----- RECORDS PROVIDED

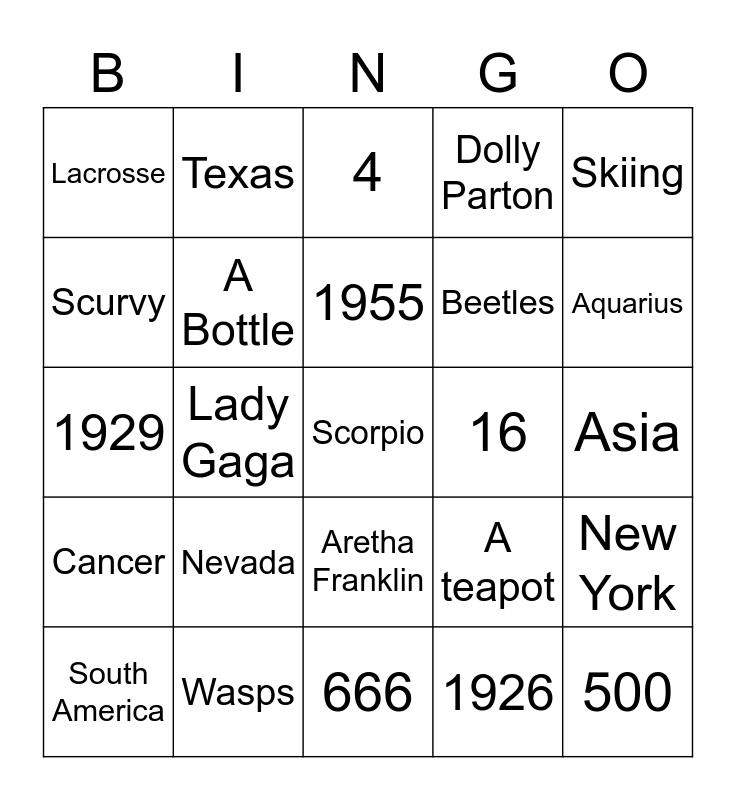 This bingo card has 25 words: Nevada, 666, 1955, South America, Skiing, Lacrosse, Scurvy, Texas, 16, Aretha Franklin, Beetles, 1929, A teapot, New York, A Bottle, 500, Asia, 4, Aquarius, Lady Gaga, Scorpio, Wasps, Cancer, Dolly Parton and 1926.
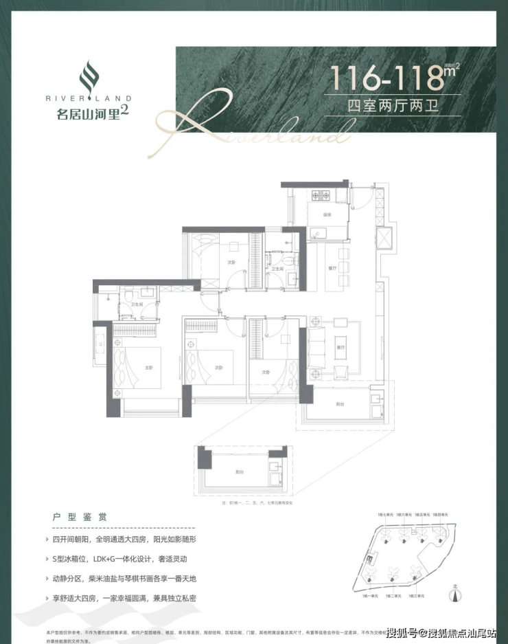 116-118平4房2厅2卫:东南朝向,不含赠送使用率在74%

----------
----- RECORDS PROVIDED

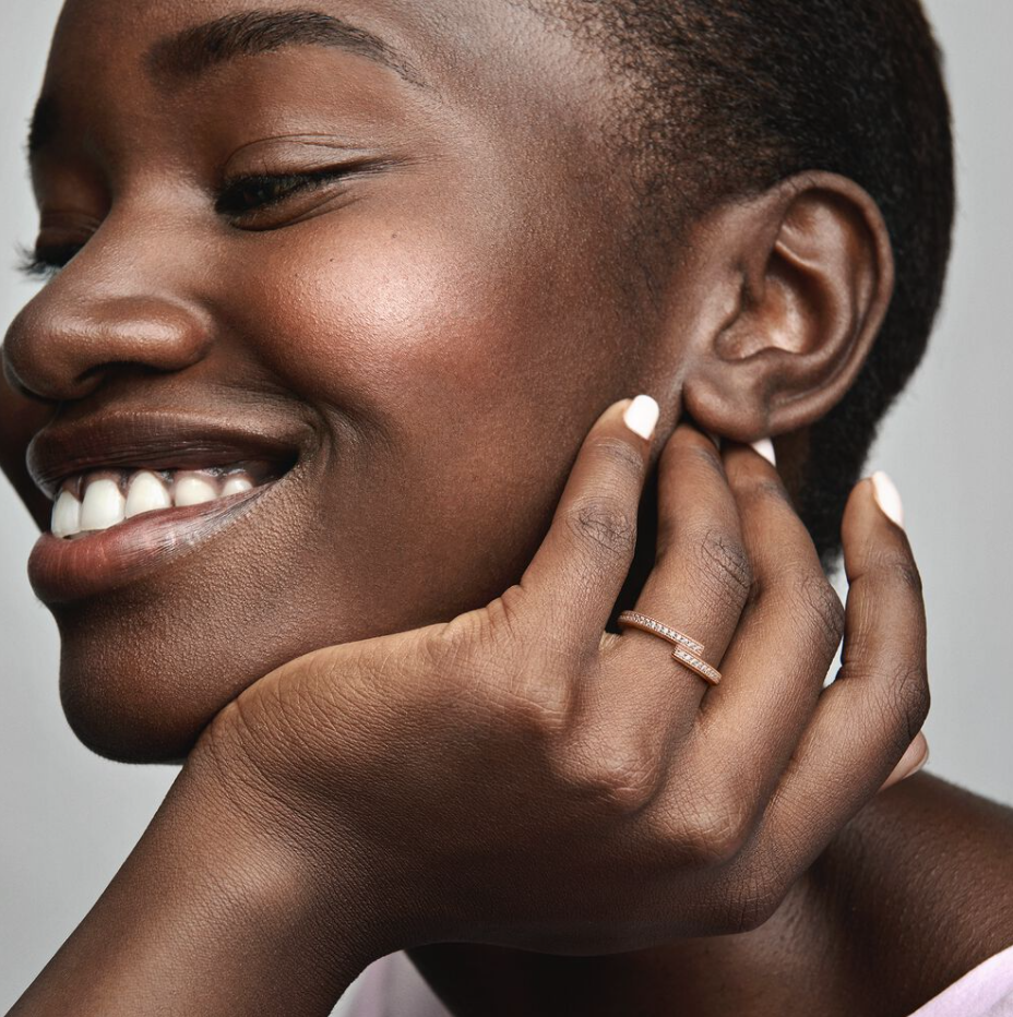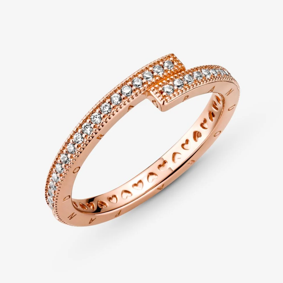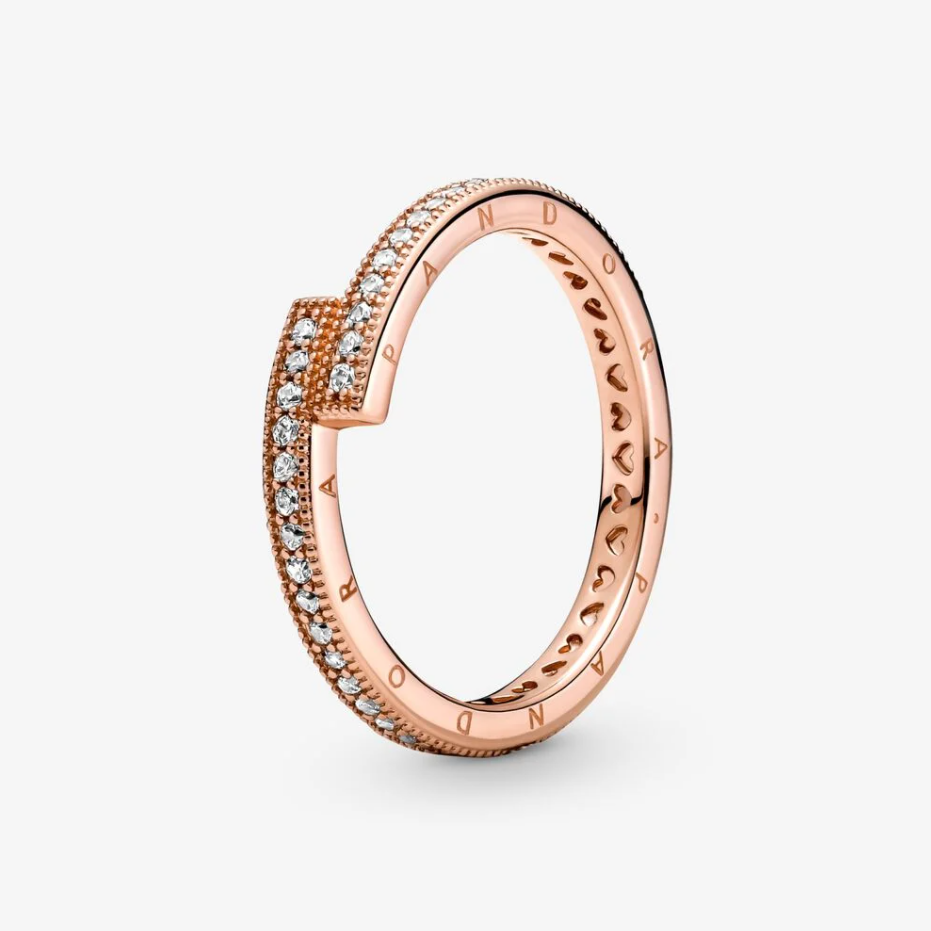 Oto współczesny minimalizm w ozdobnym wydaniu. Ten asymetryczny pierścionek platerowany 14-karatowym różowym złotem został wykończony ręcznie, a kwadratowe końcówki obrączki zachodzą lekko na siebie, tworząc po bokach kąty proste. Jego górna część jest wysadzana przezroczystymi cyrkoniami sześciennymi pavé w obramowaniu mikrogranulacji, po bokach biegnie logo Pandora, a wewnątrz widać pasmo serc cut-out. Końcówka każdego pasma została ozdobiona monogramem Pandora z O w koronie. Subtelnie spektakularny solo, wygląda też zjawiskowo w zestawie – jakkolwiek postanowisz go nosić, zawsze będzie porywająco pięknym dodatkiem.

----------
----- RECORDS PROVIDED

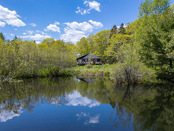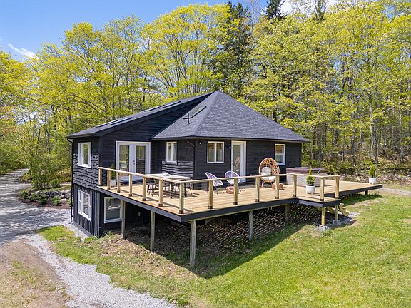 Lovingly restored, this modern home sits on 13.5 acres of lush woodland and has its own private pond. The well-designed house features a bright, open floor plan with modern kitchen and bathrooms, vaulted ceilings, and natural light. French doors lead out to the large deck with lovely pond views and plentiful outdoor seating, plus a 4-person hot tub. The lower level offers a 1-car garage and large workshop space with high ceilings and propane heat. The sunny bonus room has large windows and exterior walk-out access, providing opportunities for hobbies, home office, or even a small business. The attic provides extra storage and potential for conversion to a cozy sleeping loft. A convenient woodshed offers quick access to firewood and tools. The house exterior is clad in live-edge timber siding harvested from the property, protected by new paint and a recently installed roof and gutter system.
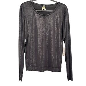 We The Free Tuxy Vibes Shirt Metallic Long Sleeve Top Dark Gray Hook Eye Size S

----------

- **EXERCISE OBJECTIVE**: Precisely those lines above that run from the line with "This bingo card" up to and including the line with "116-118平4房2厅2卫:东南朝向,不含赠送使用率在74%" are to be set down, with the pictures omitted.

- **FINISHED EXERCISE**:
 This bingo card has 25 words: Nevada, 666, 1955, South America, Skiing, Lacrosse, Scurvy, Texas, 16, Aretha Franklin, Beetles, 1929, A teapot, New York, A Bottle, 500, Asia, 4, Aquarius, Lady Gaga, Scorpio, Wasps, Cancer, Dolly Parton and 1926.
 116-118平4房2厅2卫:东南朝向,不含赠送使用率在74%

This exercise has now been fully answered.